Все в комнате молчали. Хаким посмотрел на меня, когда я прикоснулась ко лбу его деда, всего на секунду ощутив пальцами холодную, шершавую кожу. Слишком покойно здесь было, слишком тихо. Уж лучше бы гвалт, как в кино, чтобы женщины рыдали протяжно и надрывно, чтобы сливались в гул голоса мужчин, поминающих умершего, как принято, чашкой кофе, или, как у христиан, все бормотали бы молитвы. Хоть бы собака завыла во дворе, или даже похоронный звон раздался. Но ничего этого не было. Только шум телевизора откуда-то с верхнего этажа. Люди стали расходиться, понурясь и почему-то пряча от меня глаза. Были бы здесь барабанщики из метро, думала я, пусть бы они играли без остановки, и гремела бы их музыка раскатами грома по лесам и над реками, а Симона пела бы «Black is the color of my true love's hair». Толстая женщина с рыжими от хны волосами тихонько вышла за дверь. Она казалась мне похожей на Лаллу Асму. У нее был такой же взгляд, слегка потерянный, как у дальнозорких за стеклами очков. Сама не знаю почему, я догнала ее, схватила за руку, повела обратно к кровати: «Пожалуйста, побудьте еще немного, не уходите». Она покачала головой. И сказала сдавленным, хриплым голосом: «Он был славный». Как будто извинялась за что-то. Женщина стала медленно высвобождать руку. Снимала с нее мои пальцы, разжимала их один за другим. В ее зеленых глазах застыл испуг, черные зрачки, казалось, плавали в озерцах радужек.

В конце концов ее выручил Хаким. Он взял меня за плечи, как это делают с буйными истеричками. Хаким был моим братом. А я — Маримой. Я чувствовала иссохшие пальцы Эль-Хаджа на своем лице, они ощупывали мои глаза, щеки, губы. Я не могла дышать. Что-то вздувалось внутри меня, в груди, закупоривало горло. «Это мой дедушка, правда, мой дедушка, как же я теперь без него?» Я бормотала что-то бессвязное, слова душили меня. Хаким думал, что я плачу, но слез не было, была ярость, мне хотелось все переломать в этой домине, хотелось пробить мутное небо, не дававшее Эль-Хаджу видеть, переколотить окна и ставни, стекла в вагонах и автобусах, железнодорожные рельсы и корабль, который так долго, так долго плыл до реки Сенегал и до Ямбы на берегу Фалеме.

Хаким сжимал меня все крепче, а я сползла на пол у кровати и увидела все то, что отняло жизнь у Эль-Хаджа, увидела судно и пузырьки с кортизоном. Все, что упало, а прибрать к похоронам никто не успел.
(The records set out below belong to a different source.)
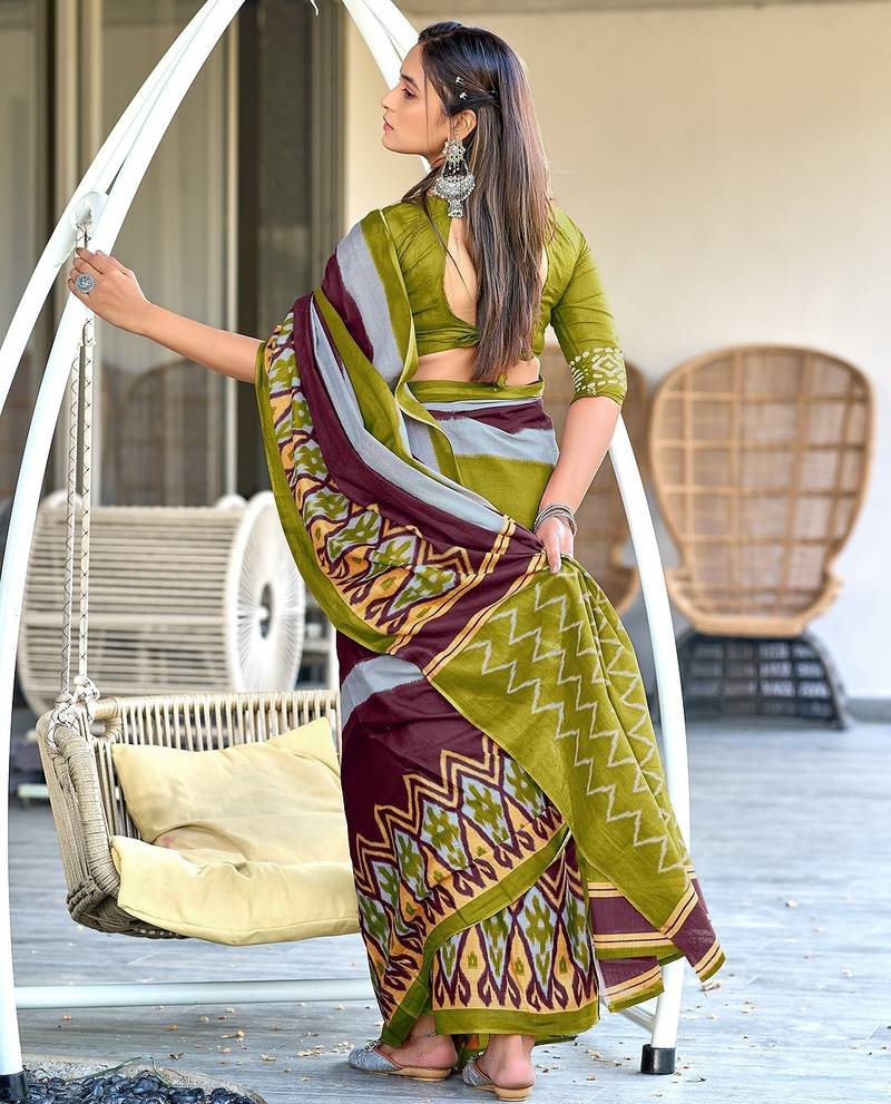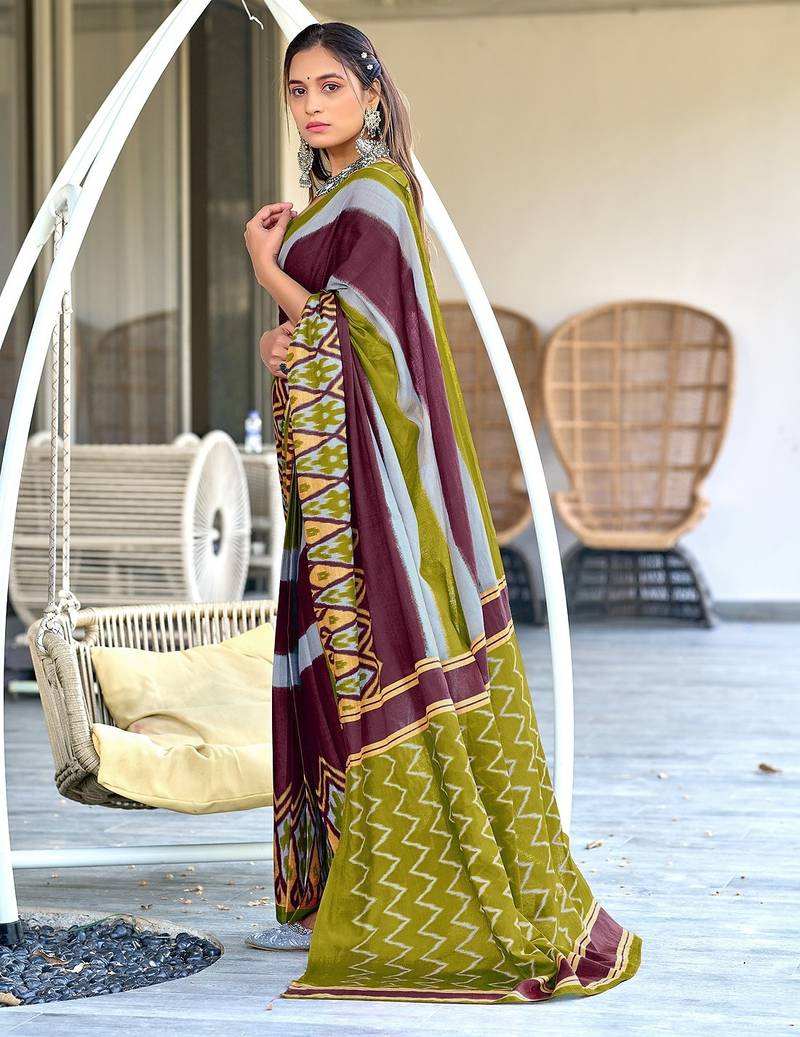 | • | Saree | : | Color- Mehendi / Fabric- Pure Cotton |
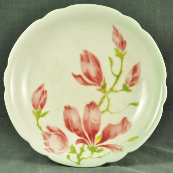 Plat sur pied XIXème chantourne en faïence blanche de Lunéville (K&G), décor « magnolia » rose et vert clair en parfait état.
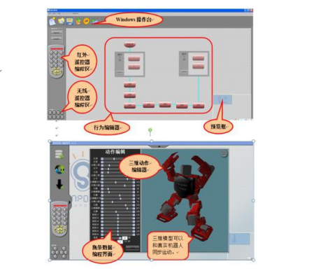 提供動(dòng)作設(shè)定的教學(xué)模仿功能,可在PC上用鼠標(biāo)操作,附具有數(shù)種動(dòng)作實(shí)例的正版光盤,可立即測試運(yùn)作;1.具有24個(gè)自由度,實(shí)際組裝時(shí)雖只有17個(gè)自由度(17ch=17個(gè)伺服馬達(dá)),但主機(jī)板可擴(kuò)增至24個(gè)自由度,也就是說可增加7個(gè)自由度,便于DIY用戶增加其他關(guān)節(jié)機(jī)構(gòu)。

Хаким потом долго держал меня, прижав к себе, потому, наверно, что его самого некому было утешить. В какой-то момент он поцеловал меня, и я ощутила соленые слезы на его щеках. А потом все кончилось. Я встала и ушла. Не оглянулась на тело старика, которое так и лежало, одетое, на кровати. Я знала, что он не вернется домой, на берег реки. Он останется в Виллабе, ему найдут местечко на кладбище, и не плеск воды он будет слышать, а гул грузовиков на шоссе. Но какое все это имеет значение? В поезде, пустом в этот час, я смотрела в окно на сгущающиеся сумерки сквозь грязное стекло. Пожалуй, думала я больше о Магде, чем об Эль-Хадже. Меня подташнивало. С самого утра я ничего не ела и не пила.

Перед самым Парижем я попалась. Вообще-то обычно я держу ухо востро и ухитряюсь улизнуть, когда входят контролеры. Но в тот день я забылась, сидела как во сне, оцепенев, — так бывает после очень сильной боли. Может быть, они уже засекли меня раньше. Когда я их увидела, было поздно. Они шли прямо ко мне, не обращая внимания на других пассажиров. Цыганята — те самые, которых я видела в первый раз с Жуанико, — задали стрекача, на бегу показывая им язык, но контролеры-то явились по мою душу. Поначалу они обращались со мной вежливо, почти церемонно:

— Мадемуазель, у вас нет проездного документа, будьте любезны, предъявите ваш паспорт.

Когда я сказала им, что, во-первых, у меня его нет, а во-вторых, если б и был, они не имеют никакого права у меня его требовать, вежливости как не бывало.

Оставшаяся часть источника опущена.